Background: One of the most significant sources of indoor ultraviolet (UV) radiation are compact fluorescent lamps (CFLs). The UV radiation has various destructive effects on biological organisms.

Objectives: This study is aimed to assess disorders evoked by CFLs and possible protective effects of curcumin on the liver.

Methods: A total of 24 adult male wistar rats were randomly divided into 3 groups: control (ethyl oleate 0.2 mL, IP, for 40 days, without CFLs exposure), fluorescent (ethyl oleate 0.2 mL, IP, daily and 12 hours CFLs exposure for 40 days), and curcumin (Curcumin 20 µ mol, IP, with 12 hours CFLs exposure for 40 days). At the end of the experiment, the levels of some enzymes and biochemical data of plasma were measured and morphology of liver was observed.

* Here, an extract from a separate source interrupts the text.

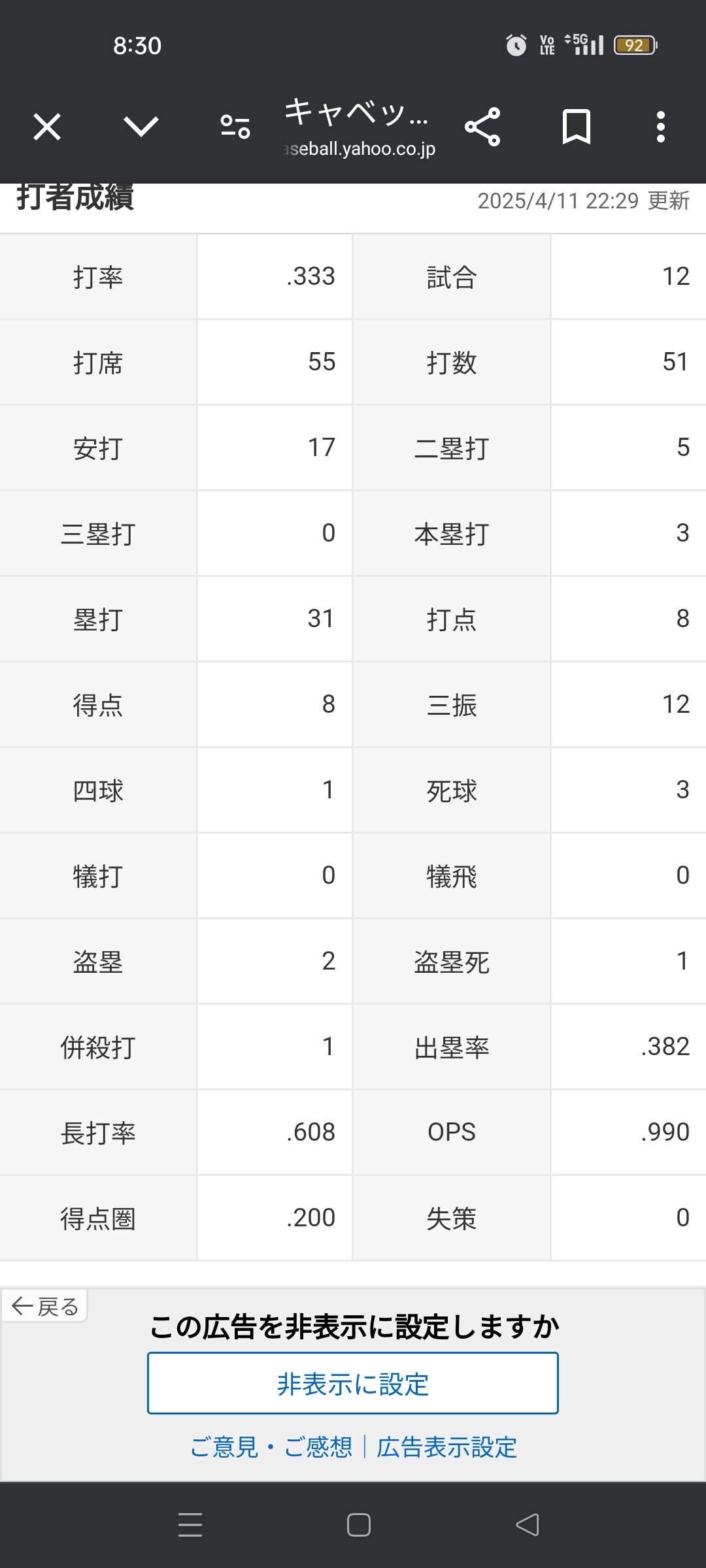 キャベッジ「打率.333(51-17)3本8打点 OPS.990」←これについての率直な感想wwww

Results: The results of the study showed that CFLs significantly increase liver enzymes including aspartate aminotransferase (243.25 ± 38.85 vs 151.25 ± 21.64, P < 0.0001), alanine aminotransferase (116.32 ± 6.89 vs 88.75 ± 11.60, P = 0.002), alkaline phosphatase (465.38 ± 87.9 vs 317. 5±9.24, P = 0.006), amylase (1942.4 ± 180.77 vs 1623.3 ± 267.06, P = 0.009), and also change some biochemical data as well as fat accumulation inside cytoplasm of hepatic cells. Therefore, the CFLs increased liver enzymes, produced FLD and damaged the liver tissue. Administration of curcumin following CFLs prevented these alterations.

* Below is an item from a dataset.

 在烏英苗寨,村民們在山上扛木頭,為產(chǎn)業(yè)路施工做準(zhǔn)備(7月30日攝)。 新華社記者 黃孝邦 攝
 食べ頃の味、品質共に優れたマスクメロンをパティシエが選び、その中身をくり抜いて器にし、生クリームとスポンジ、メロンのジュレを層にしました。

Conclusions: In this research, mentioned disorders is the probably effect of UV radiation emitted by CFLs. whereas curcumin, as an antioxidant, has a protective effect on disorders such as biochemical and morphological changes evoked by CFLs in rat livers.

Keywords

Compact Fluorescent Lamps Curcumin UV Radiation Liver Enzymes Fatty Liver Disease

Copyright © 2018, Shiraz E-Medical Journal. This is an open-access article distributed under the terms of the Creative Commons Attribution-NonCommercial 4.0 International License (http://creativecommons.org/licenses/by-nc/4.0/) which permits copy and redistribute the material just in noncommercial usages, provided the original work is properly cited
1. Background

It is known that ultraviolet (UV) radiation has a potent effect on biological organism (1). Many studies have shown that UV radiation leads to immune suppression, DNA damage, apoptosis, skin carcinogenesis, oxidative damage, tumor formation, and inflammation (2, 3). UV radiation is typically classified into 3 groups based on wavelength, including UVA (320 - 400 nm), UVB (290 - 320 nm), and UVC (200 - 290 nm) (4). One of the most significant sources of indoor UV radiation are compact fluorescent lamps (CFLs). The CFLs emit UV radiation (5). In 1985, Cole et al. (5) demonstrated that CFLs emit UVB and UVC. Recently, Sayre et al. (1) demonstrated that CFLs emit UVA, UVB, and even UVC. Some studies have demonstrated that UVB radiation causes oxidative damage to the skin, resulting in photo aging and skin cancer (5-7). UVB radiation can be effected directly by inducing inflammation and proliferation in human and animal skin as well as damaging eye cells, or indirectly by producing reactive oxygen species (8, 9). The most mutagenic and carcinogenic properties of sunlight can be attributed to chronic exposure to UVB radiation (10).

Recent study demonstrated that acute exposure to UVB and UVA radiation changes in oxidative stress-related biomarkers in the liver and blood of hairless mice (11). Plasma adiponectin level has been reduced after UVB radiation by affecting visceral adipose tissues (12). Our previous study showed that UVB and UVA emitted by CFLs increased the level of serum ALT, AST, and cholesterol, as well as appearance changes of liver in wistar rats (not published). The liver is the largest solid organ of the body and plays a crucial role in humans and animals lives due to the fact that it performs numerous essential tasks including: regulates the levels of most chemicals in the blood, excretes bile, detoxifies harmful compounds, and supports the function of other organs in the body, thus helping homeostasis (13-15).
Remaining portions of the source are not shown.